I start with a succinct description of the classical view on what types of visual stimuli trigger activity in neurons along the ventral visual cortex. I introduce state-of-the-art standard computational models of vision and consider them as a basic null hypothesis to evaluate neuronal tuning properties and potential semantic influences, particularly in the context of visual categorization tasks. Next, I provide a few examples of how top-down signals can modulate responses along the ventral visual cortex while emphasizing that we have a long way to go to understand the role of common knowledge on visual processing. I conclude by discussing critical Hilbert question in the field and a brief glimpse of the ample opportunities and challenges ahead.

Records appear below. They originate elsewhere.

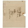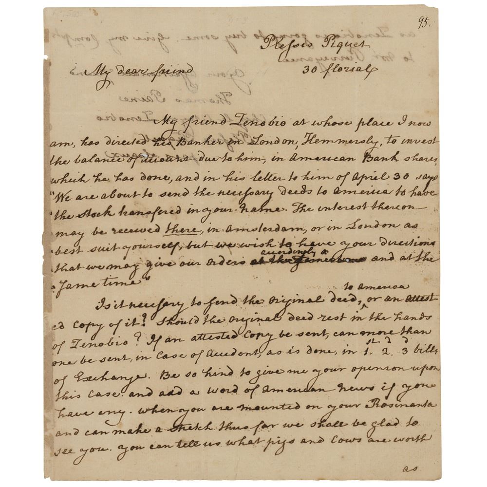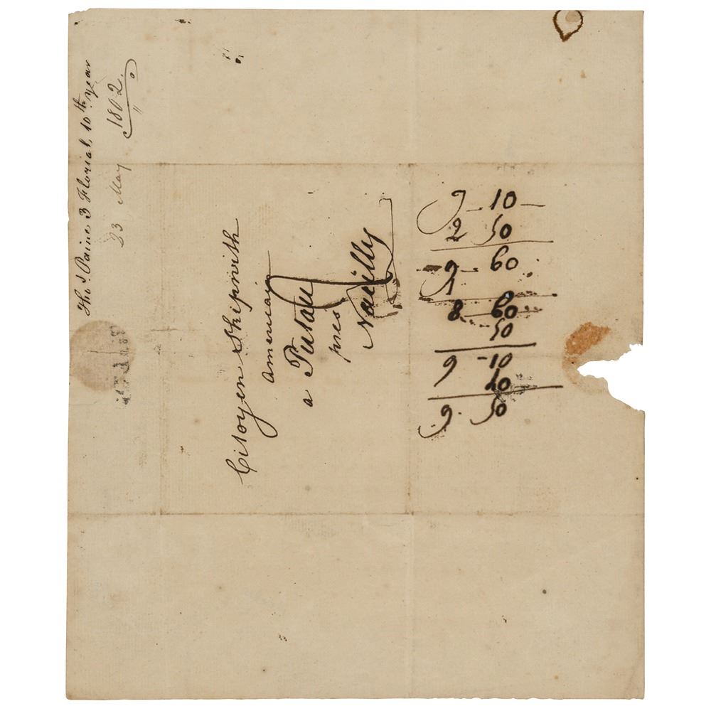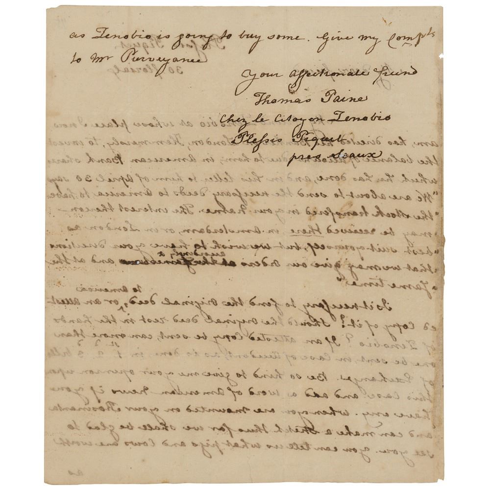 Rare ALS, signed "Thomas Paine," one page both sides, 7.5 x 9, May 23, 1802. Addressed from the Parisian village of Plessis Piquet, a handwritten letter to Fulwar Skipwith, the American consul in Versailles, which finds Paine seeking financial advice for a friend in France who is about to invest in an American bank. The letter, in full: "My friend Tenebio at whose place I now am, has directed his Banker in London, Hemmersby, to invest the balance of accounts due to him, in American Bank shares which he has done, and in his letter to him of April 30 says 'We are about to send the necessary deeds to America to have the Stock transfered in your name. The interest thereon may be received there, in Amsterdam, or in London as best suit yourself, but we wish to have your directions that we may give our orders accordingly and at the same time.' Is it necessary to find the original deed to America, or an attested copy of it? Should the original deed rest in the hands of Tenebio? If an attested copy be sent, can more than one be sent, in case of accident, as is done in 1d. 2d. 3d. bills of Exchange. Be so kind to give me your opinion upon this case, and add a word of American news if you have any. When you are mounted on your Rosinanta and can make a stretch thus far we shall be glad to see you. You can tell us what pigs and cows are worth as Tenebio is going to buy some. Give my compts to Mr. Purveyance." In fine condition, with a thin old mounting strip along the left edge of the first page, and seal-related paper loss to the integral address leaf affecting no handwriting.
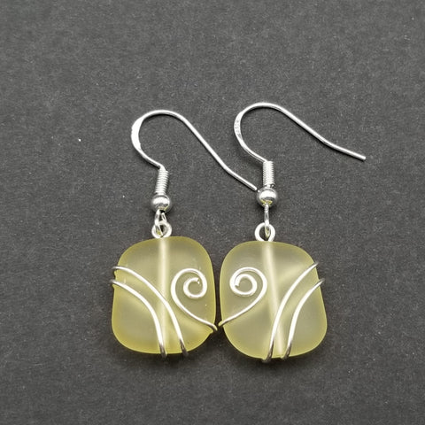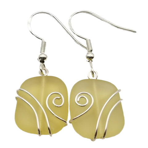 Hawaiian Jewelry Sea Glass Earrings, Wire Wrapped Yellow Earrings, Sea Glass Jewelry Birthday Gift (November Birthstone Jewelry)
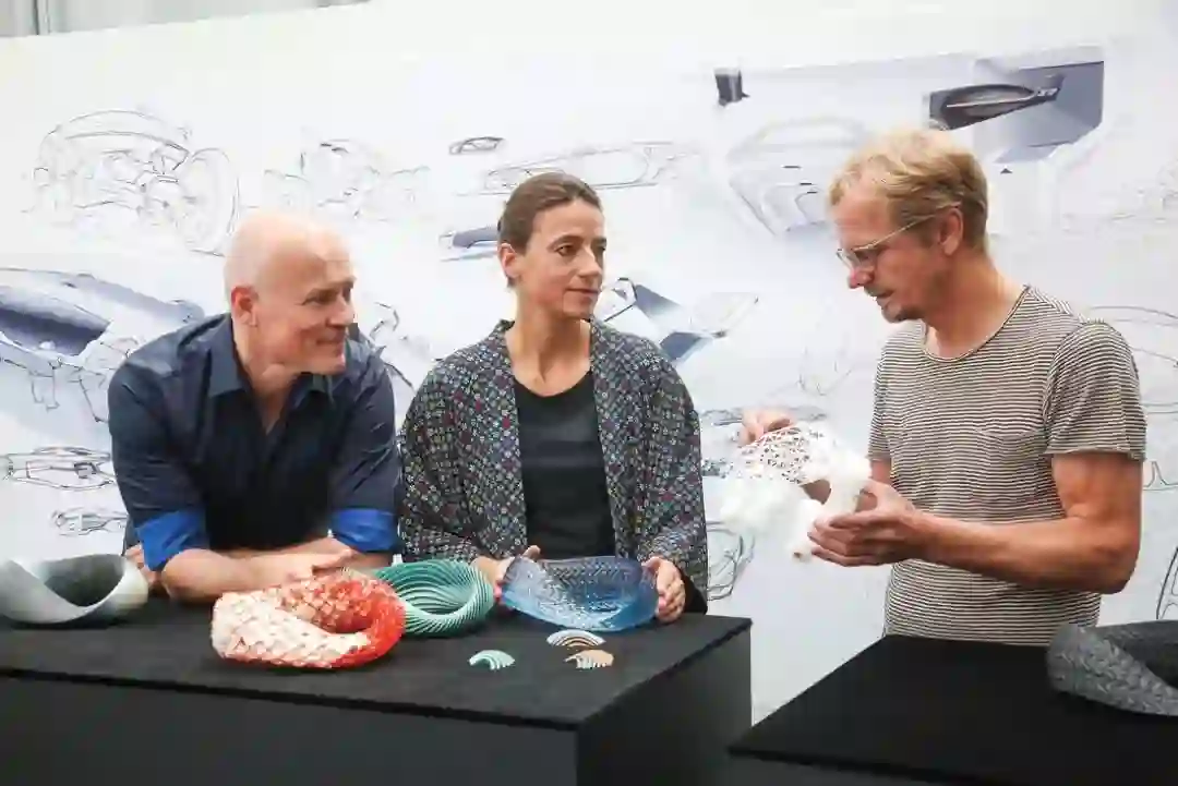 位于波茨坦的欧洲大众未来中心,汽车设计总监彼得·沃达(左)与设计趋势中心主管维蕾娜·托马斯(中间)和乔治·博格曼(右)探讨新设计理念。Courtesy of Volkswagen
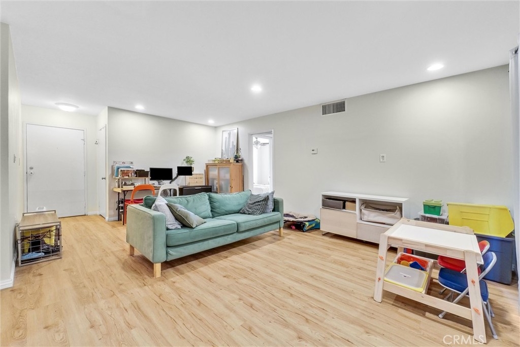 Welcome to this charming abode nestled in the heart of Pasadena. This inviting residence boasts 2 bedrooms and 2 bathrooms, providing ample space for comfortable living. Step inside to discover a bright and welcoming living room, adorned with beautiful laminate flooring and recessed lighting, creating a cozy ambiance for relaxation and entertainment. The updated kitchen is a chef's delight, featuring sleek cabinets and stylish backsplash tiles, offering both functionality and modern aesthetics (stove, rangehood and dishwasher included). Adjacent to the kitchen, the open dining area is a delightful retreat, enhanced by elegant wallpaper, a modern minimalistic light pendant, and tasteful wall molding, creating a sophisticated space for intimate gatherings and memorable meals. Step outside onto your private balcony, where you can enjoy the outdoors in peace and tranquility. The balcony is equipped with a privacy covering, providing an intimate space for lounging or enjoying your morning coffee in seclusion. This unit is equipped with central AC, ensuring year-round comfort and climate control. As you proceed to the bedrooms, you'll find plenty of storage cabinets in the hallway, providing convenient solutions for organizing belongings and keeping the space clutter-free. With its move-in ready condition, this property offers buyers the convenience of immediate occupancy, saving on renovation costs and hassle. Additionally, the HOA includes essential amenities such as water, trash, sewer, maintenance of grounds, permitted pets, and controlled access to the building, providing residents with peace of mind and a carefree lifestyle. Situated within a building comprising 19 units, this unit presents a rare opportunity to own a stylish and comfortable residence in a desirable Pasadena location. Don't miss your chance to make this your new home sweet home!
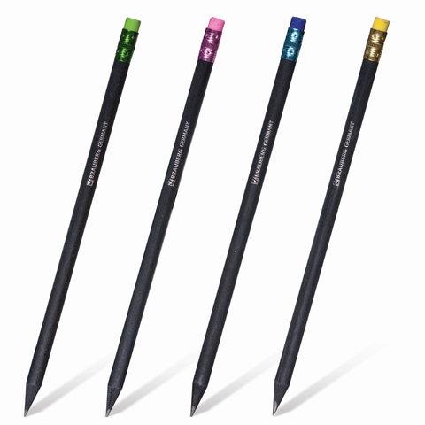 Карандаш чернографитный BRAUBERG, 1 шт., "Black Wood", НВ, с ластиком ассорти, черное дерево, заточенный, 180629
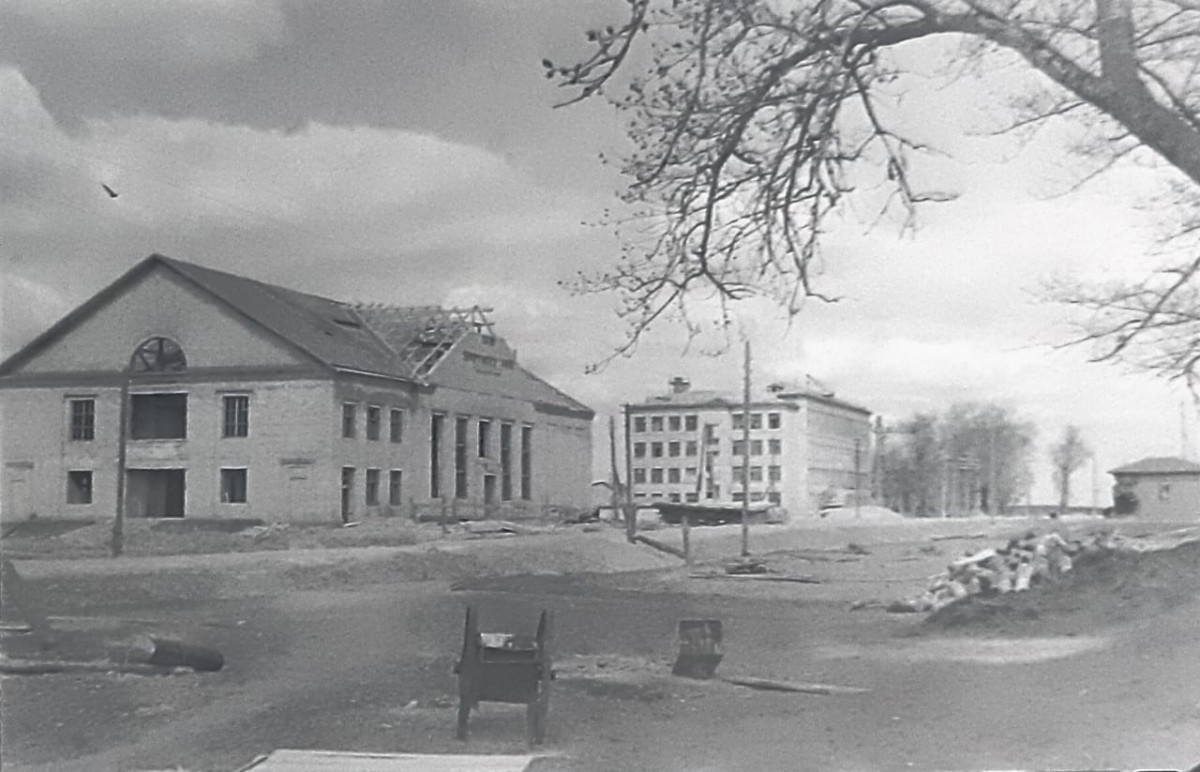 На снимке запечатлено строительство Рузского дома культуры и четырехэтажного кирпичного здания школы – интерната, ныне Муниципальное бюджетное общеобразовательное учреждение «Средняя общеобразовательная школа №3 г. Рузы». Год основания школы – 1993 (реорганизована школа-интернат). Можем увидеть, что достроены этажи главного корпуса, ведутся работы по завершению кровли. Вокруг зданий груды строительного мусора.
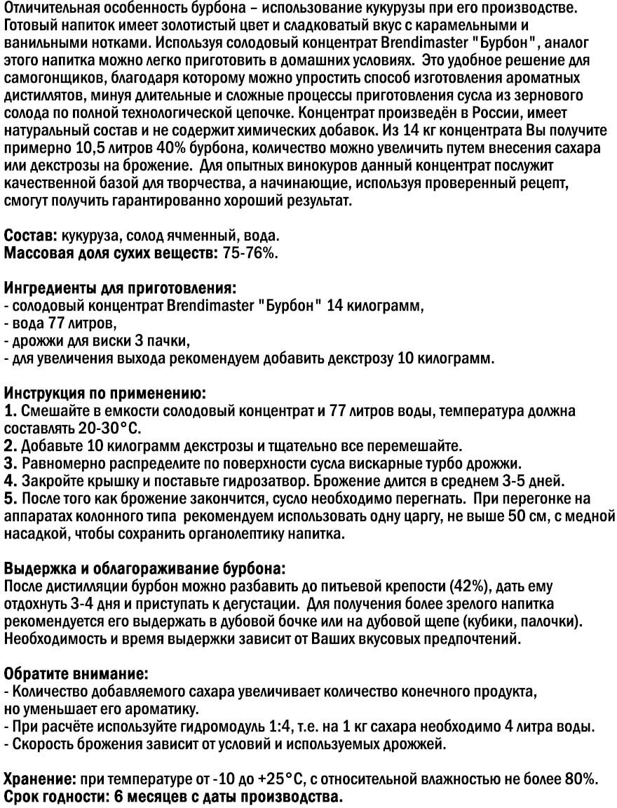 Солодовый концентрат Brendimaster "Бурбон", 14 кг информация:
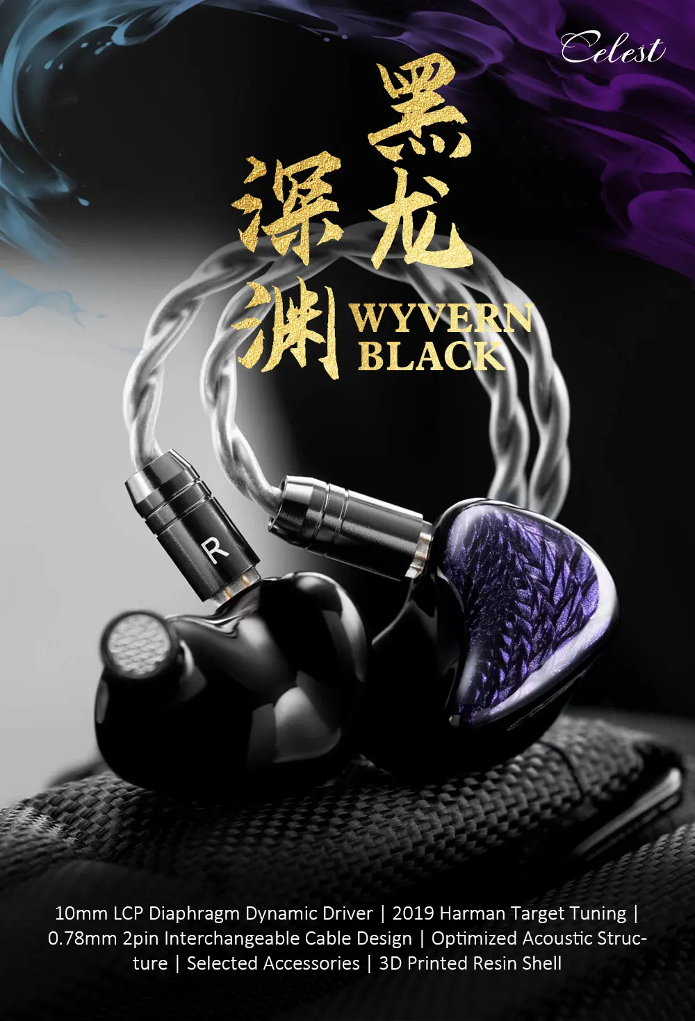 - > Kinera Celest Wyvern / Wyvern PRO / Wyvern Preto 1DD Fone de ouvido intra-auricular Driver dinâmico 0,78 mm Fones de ouvido HiFi com fio Microfone para jogos
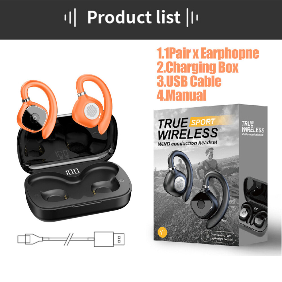 (a-Orange) Bluetooth 5.3 Earphones Wireless Open Ear Earbuds Stylish Sport Headphones HiFi Stereo Bass Noise Cancelling Gaming Headset
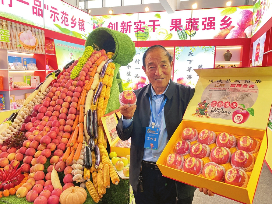 社長(zhǎng)王萬(wàn)保在展示合作社文化藝術(shù)蘋果 張新征 攝
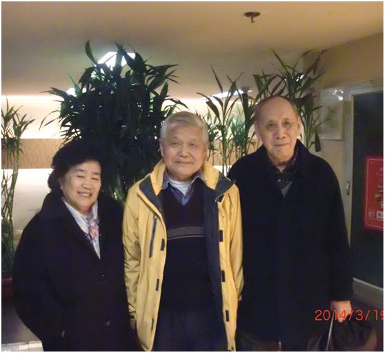 1940年在重庆沙坪坝进入中央大学附属小学一年级的金作怡、郝柏林和毛士艺2014年3月在北京聚会时合影, 他们的父亲分别是中大农学系教授金善宝、森林系教授郝景盛、园艺系教授毛宗良
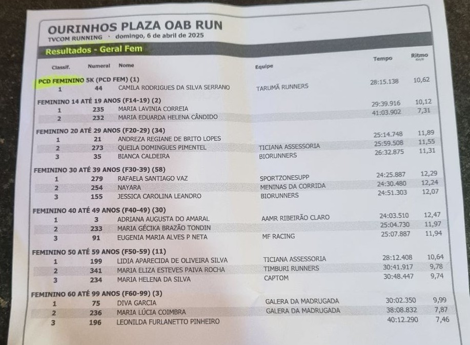 - Geral 5K Feminino (G5KM-FEM) – 5 premiadas
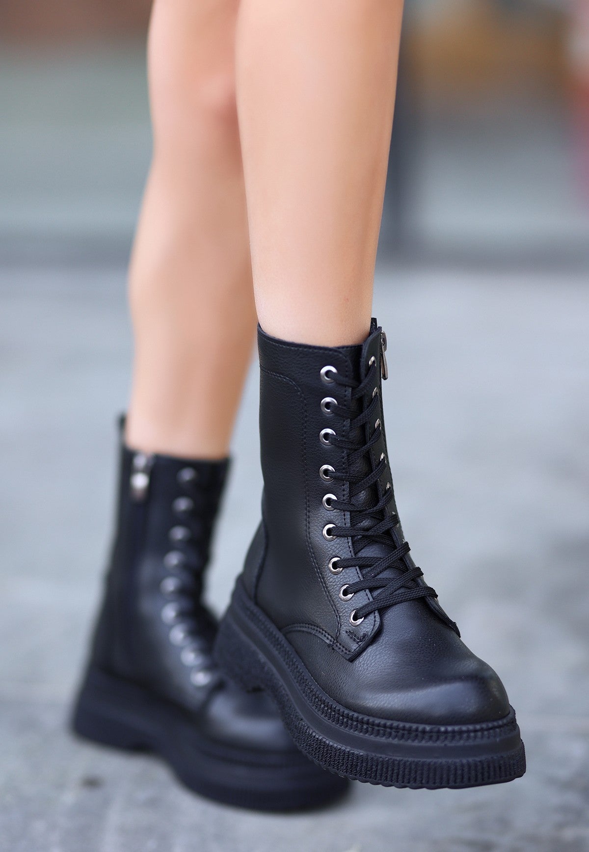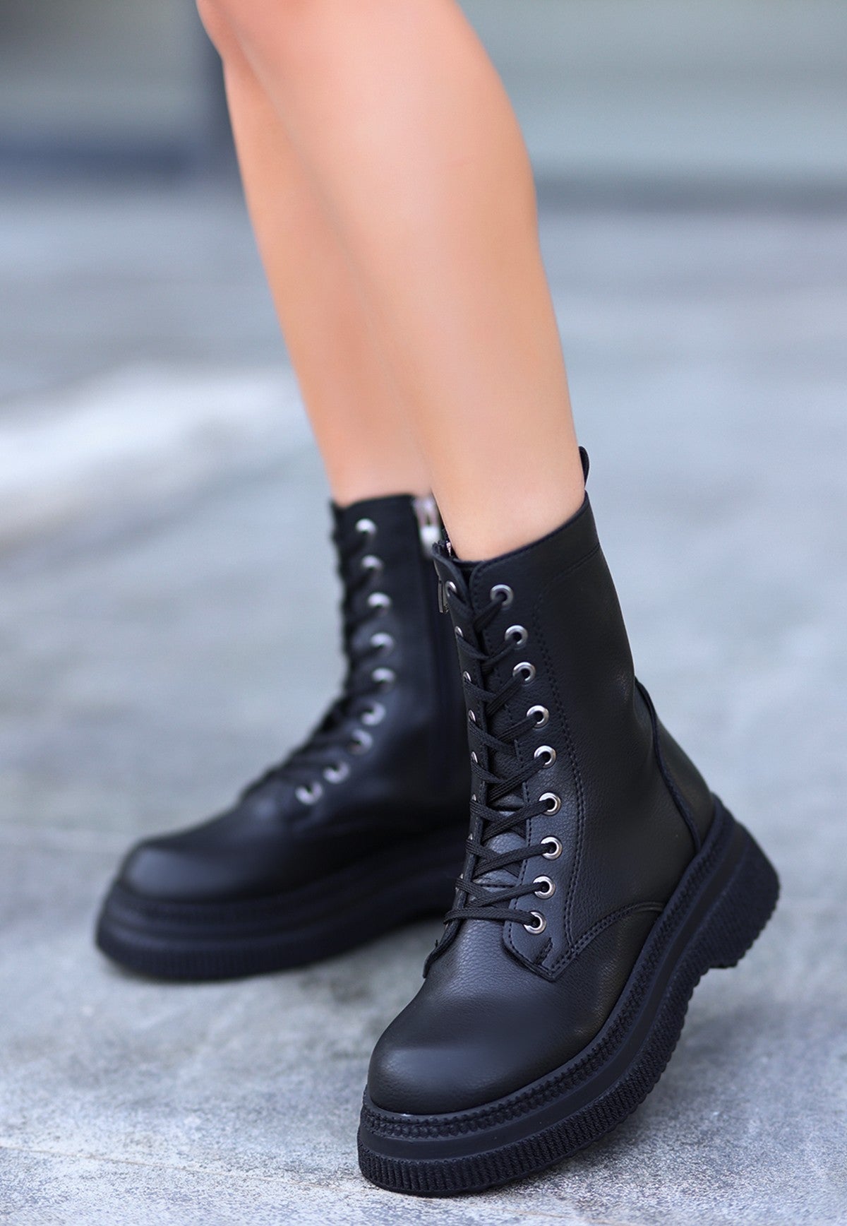 Roxan Siyah Cilt Bağcıklı Bot

1 Assumptions and definitions

I focus here on triggering activity in the sense of firing rates defined as spike counts in short windows spanning tens of milliseconds. This is by no means the only or agreed upon relevant property of cortical neurons, there has been extensive discussion about neural codes (see for example, Kreiman, 2004). A neuron might contribute to representing information by firing only a few spikes at a precise time in concert with other spikes in the network. A neuron may also represent information by not firing, in the same way that Sherlock Holmes intuited who the murderer was by attending to the dog that did not bark. Additionally, in non-invasive studies, there are multiple experimental techniques that measure non-neuronal signals that are less well understood and which are difficult to interpret directly in terms of neuronal firing rates. The general flavor of the discussion here could well be extended to other neural codes, but in the interest of simplicity we understand the question in the title to indicate what type of sensory inputs lead to high firing rates for a given cortical neuron.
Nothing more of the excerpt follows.